Hydrometric RISC data grades are applied according to the rating accuracy threshold criteria outlined in Table 1-1 of the BC Hydrometric RISC Manual.

 

What is rating curve shift deviation threshold and how does it affect the grade of my discharge data?

Rating curves must be verified periodically due to seasonal or morphological changes in their control features that are common at many hydrometric gauging stations. Rating curves are often verified using streamflow measurements to calculate the rating error of the observed discharge compared to the rated discharge.  The rated discharge is the discharge predicted by the rating curve at the same mean gauge height as the measured discharge. Rating error for a given discrete streamflow measurement is calculated as the percent difference between the rated and measured discharge. 

If a rating error is larger than the target rating curve shift deviation threshold, the input stage data to the rating curve may require shifting for the output discharge data to match the observed discharge. Shift applications should be supported by sufficient evidence and not be used to account for random uncertainty associated with the measurement of stage, discharge, or the rating curve itself. 

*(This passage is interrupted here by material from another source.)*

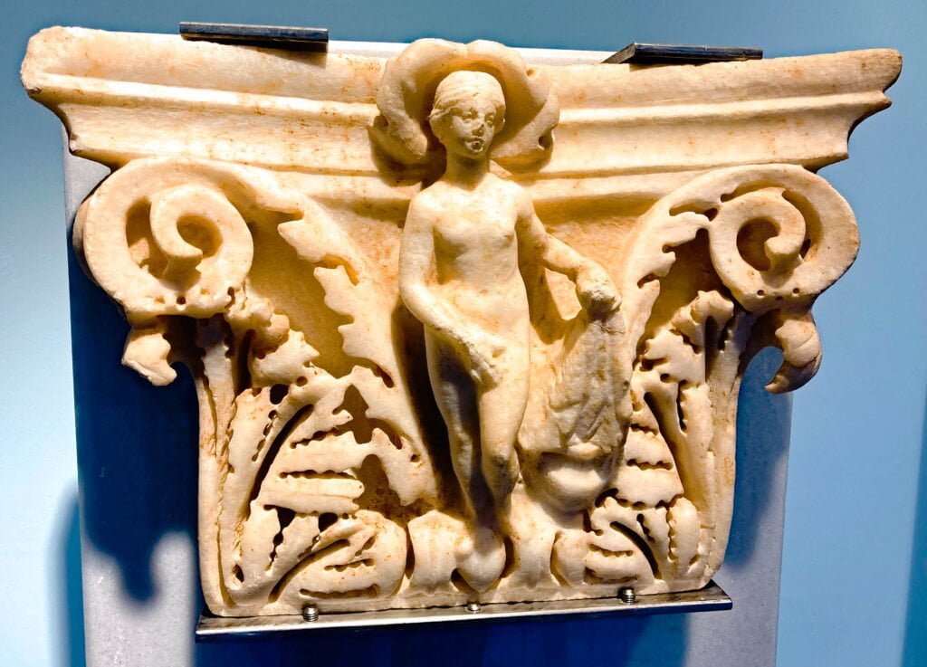 In het museum staat het beeld van Aphrodite, zonder hoofd, maar we kunnen ons voorstellen dat het hoofd ernaast op de torso kan hebben gestaan.

In some instances, excessive shift applications may result in grading the output discharge data as RISC E – estimated. These may include instances where ice or unstable control conditions occur.

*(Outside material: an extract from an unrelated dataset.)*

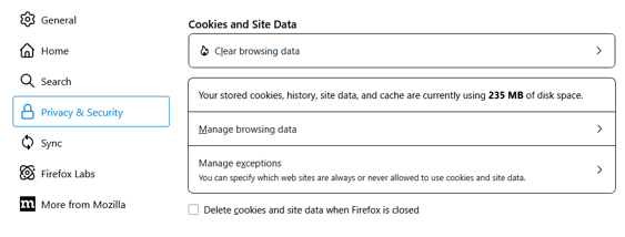 - Under 'Cookies and Site Data' select 'Clear Browsing Data...'.

Rating errors larger than target rating curve shift deviation thresholds may also be accounted for my downgrading the output discharge data to the appropriate hydrometric RISC grade.

 

When should I apply my RISC data grades to my stage and/or discharge hydrograph?

RISC data grades should generally be applied from one field visit to the next since data accuracy, and therefore the data grade, is verified during field visits. However, data grades may also be applied during periods that do not include a field visit. Some examples include:

  • applying RISC E - estimated grade to ice affected periods of discharge data,
  • applying RISC E – estimated grade to estimated data
  • applying RISC E – estimated grade to periods of discharge data that are extrapolated beyond maximum or minimum thresholds
  • Altering applied RISC grade to correspond with known stage transition points in rating curve segments, for example, floodplain activation
  • Altering applied RISC grade during periods of known channel instability or control alteration due to the presence of beavers or human interventions

Hydrometric RISC grades should be documented and explained in station analysis summarising the computational period.